## Requirement
Line by line, copy out the entries exactly and leave the pictures behind.

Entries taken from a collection

★ ★ ★ ★ ★

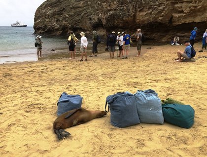 After lunch we went to explore then natural habitat of the giant tortoises. Here everybody had the chance to interact and photograph these magnificent reptiles in their natural habitat and learn about their natural history. It was a bit muddy so people had to wear rubber boots for the hike. After this amazing experience in the afternoon, we returned to town. Some guests decided to go back directly to the National Geographic Islander while others stayed later to enjoy the street-side cafés and shops of Puerto Ayora.
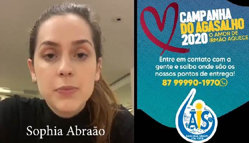 Mais uma vez a atriz Sophia Abraão empresta seu nome à iniciativa da ONG (Confiram vídeo). Os interessados em colaborar devem doar roupas e/ou cobertores em bom estado, entrando em contato pelo telefone (87) 9 9990-1970. Toda colaboração será bem-vinda.
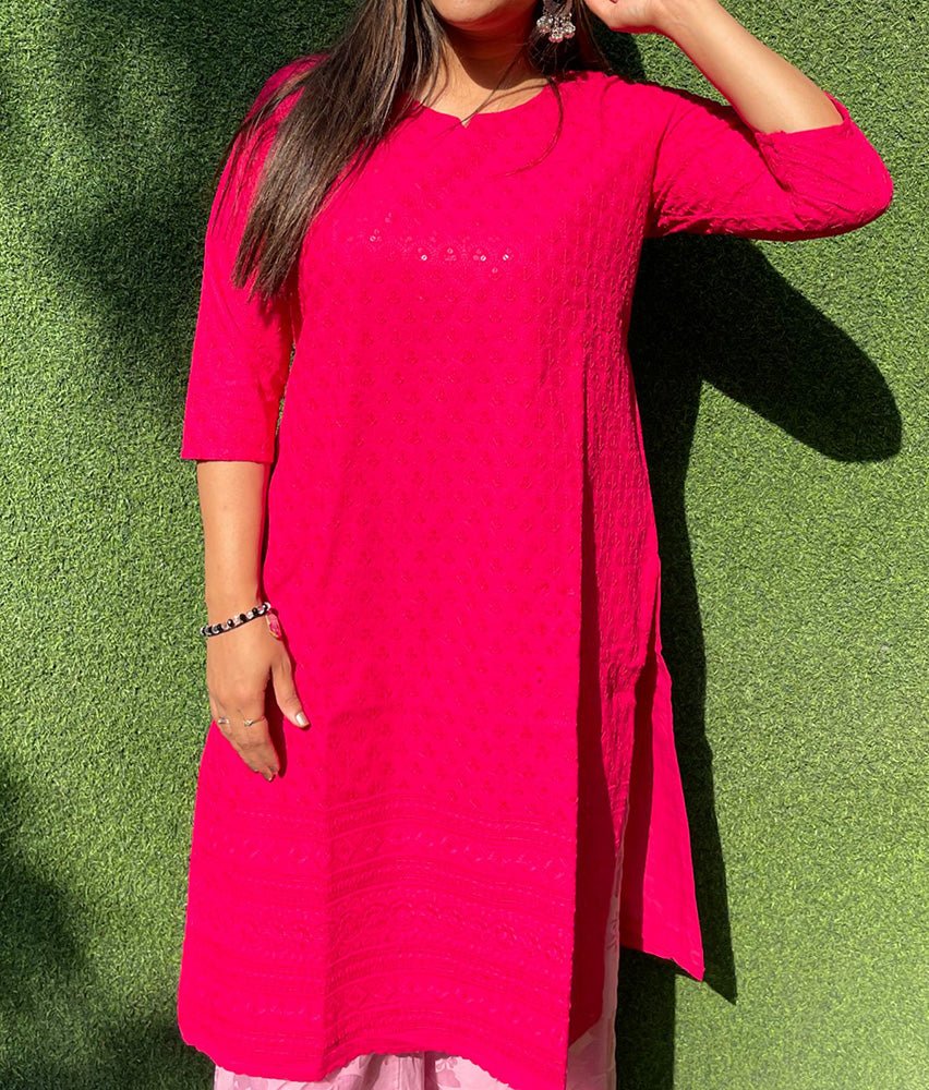 A beautiful Cotton embroidered stitched Kurti . This Kurti is embroidered with intricate chikankari.
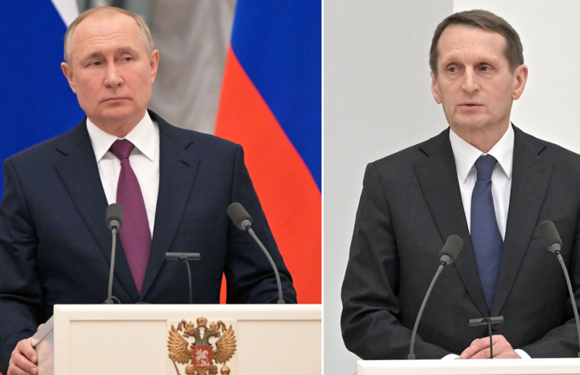 رئيسَ جهاز المخابرات الخارجية لروسيا، سيرغي ناريشكين، والرئيس فلاديمير بوتين - Getty Images
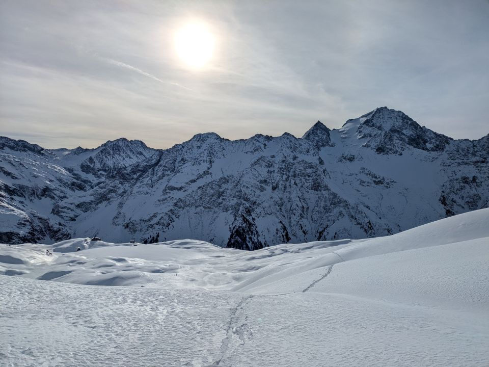 Ab der Bahn zu Fuss zum See, am Ende des Sees Ski angebracht und über die Wiese zum Wanderweg. Im Wald lohnt es sich eher die Ski am Rucksack zu tragen, da der Weg Stufen hat und manchmal aper war, früh am morgen sollte die Kruste noch tragend sein. Weiter zu dem Plato sehr hart, auf dem Plato brüchige Kruste, mühsam zu spuren (jetzt ist aber eine da). Gletscher & der Aufschwung ok. In der Flanke viel loser Schnee, als ich mehrere Meter über der ersten Stahlstange bis zum Bauch im Schnee abrutschte und den Boden berührt habe, habe ich umgedreht. Abfahrt war dann vor der Flanke gut, unter Gletscher etwas Deckel und tiefer (<2300) weich bis sulzig, über den Wald Bremsschnee, Wald muss man tragen, unterhalb isothermisch.
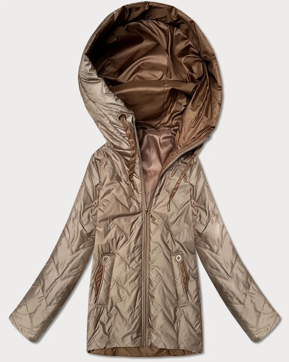 Pikowana kurtka damska z kapturem Goodlookin beżowa (B8596-12)
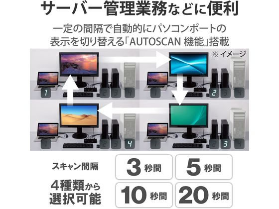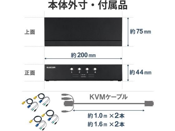 1組のマウス、キーボード、VGAディスプレイで、4台のパソコンを切り替えて操作できるパソコン切替器(KVM)です。パソコンが4台あっても、1組のマウス、キーボード、VGAディスプレイで操作できるため、低コスト、省スペースを実現し、ケーブルの挿し直しの手間も省けます。PS/2やVGA端子など、レガシーインターフェイスを使用している環境でも使用可能です。
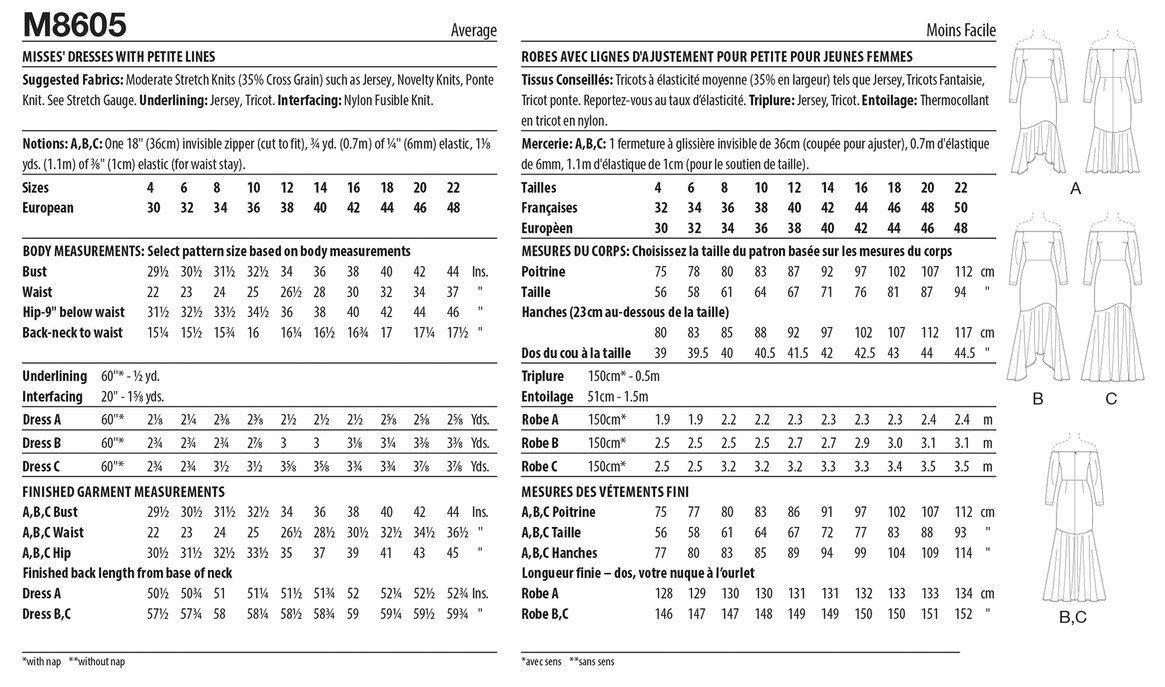 Fabric Suggestions: Moderate Stretch Knits (35% Cross Grain) such as Jersey, Novelty Knits, Ponte Knit. See Stretch Gauge. Underlining: Jersey, Tricot. Interfacing: Nylon Fusible Knit.
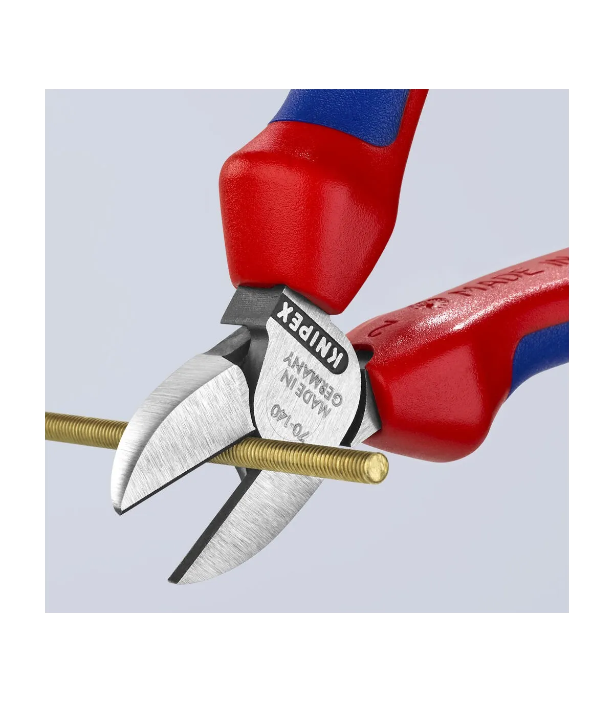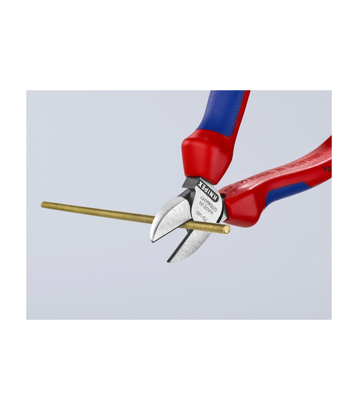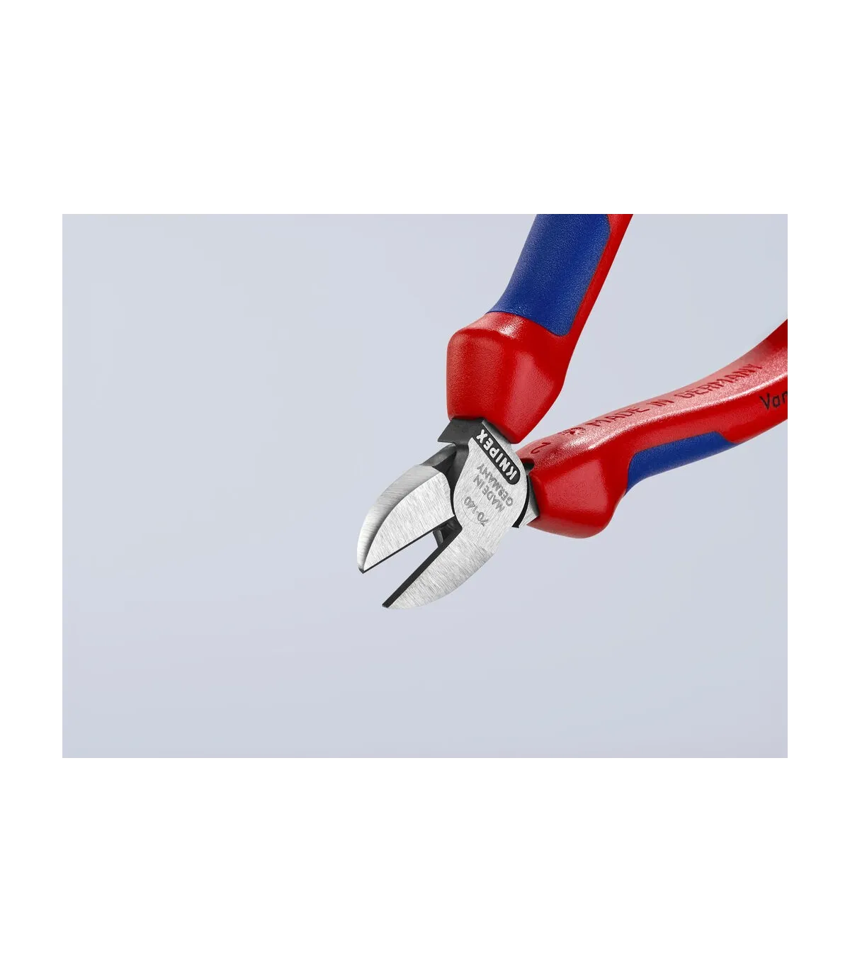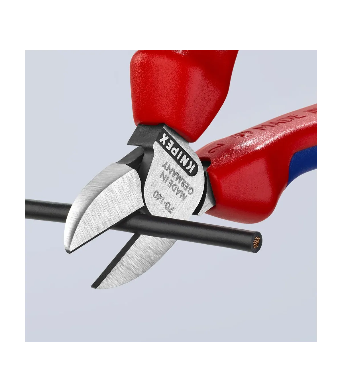 El alicate de corte diagonal indispensable para todo tipo de usos. Material de gran calidad y trabajo de precisión para una larga vida útil. Filos de corte de precisión para alambre blando y duro. Corte limpio de de alambres finos de cobre, también en las puntas. Filos de corte templados adicionalmente por inducción; dureza aprox. de los filos 62 HRC. Forma de cabeza estrecha para usar en espacios reducidos. Con bisel.
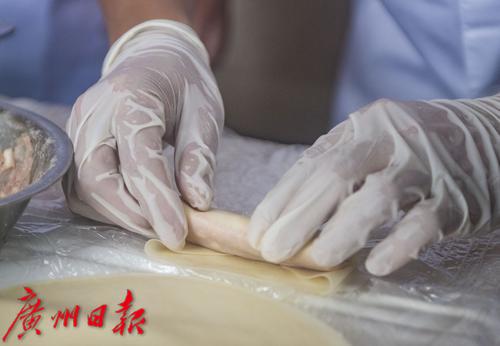 粤菜师傅现场演示制作春卷。

★ ★ ★ ★ ★

## Problem solution
 After lunch we went to explore then natural habitat of the giant tortoises. Here everybody had the chance to interact and photograph these magnificent reptiles in their natural habitat and learn about their natural history. It was a bit muddy so people had to wear rubber boots for the hike. After this amazing experience in the afternoon, we returned to town. Some guests decided to go back directly to the National Geographic Islander while others stayed later to enjoy the street-side cafés and shops of Puerto Ayora.
 Mais uma vez a atriz Sophia Abraão empresta seu nome à iniciativa da ONG (Confiram vídeo). Os interessados em colaborar devem doar roupas e/ou cobertores em bom estado, entrando em contato pelo telefone (87) 9 9990-1970. Toda colaboração será bem-vinda.
 A beautiful Cotton embroidered stitched Kurti . This Kurti is embroidered with intricate chikankari.
 رئيسَ جهاز المخابرات الخارجية لروسيا، سيرغي ناريشكين، والرئيس فلاديمير بوتين - Getty Images
 Ab der Bahn zu Fuss zum See, am Ende des Sees Ski angebracht und über die Wiese zum Wanderweg. Im Wald lohnt es sich eher die Ski am Rucksack zu tragen, da der Weg Stufen hat und manchmal aper war, früh am morgen sollte die Kruste noch tragend sein. Weiter zu dem Plato sehr hart, auf dem Plato brüchige Kruste, mühsam zu spuren (jetzt ist aber eine da). Gletscher & der Aufschwung ok. In der Flanke viel loser Schnee, als ich mehrere Meter über der ersten Stahlstange bis zum Bauch im Schnee abrutschte und den Boden berührt habe, habe ich umgedreht. Abfahrt war dann vor der Flanke gut, unter Gletscher etwas Deckel und tiefer (<2300) weich bis sulzig, über den Wald Bremsschnee, Wald muss man tragen, unterhalb isothermisch.
 Pikowana kurtka damska z kapturem Goodlookin beżowa (B8596-12)
 1組のマウス、キーボード、VGAディスプレイで、4台のパソコンを切り替えて操作できるパソコン切替器(KVM)です。パソコンが4台あっても、1組のマウス、キーボード、VGAディスプレイで操作できるため、低コスト、省スペースを実現し、ケーブルの挿し直しの手間も省けます。PS/2やVGA端子など、レガシーインターフェイスを使用している環境でも使用可能です。
 Fabric Suggestions: Moderate Stretch Knits (35% Cross Grain) such as Jersey, Novelty Knits, Ponte Knit. See Stretch Gauge. Underlining: Jersey, Tricot. Interfacing: Nylon Fusible Knit.
 El alicate de corte diagonal indispensable para todo tipo de usos. Material de gran calidad y trabajo de precisión para una larga vida útil. Filos de corte de precisión para alambre blando y duro. Corte limpio de de alambres finos de cobre, también en las puntas. Filos de corte templados adicionalmente por inducción; dureza aprox. de los filos 62 HRC. Forma de cabeza estrecha para usar en espacios reducidos. Con bisel.
 粤菜师傅现场演示制作春卷。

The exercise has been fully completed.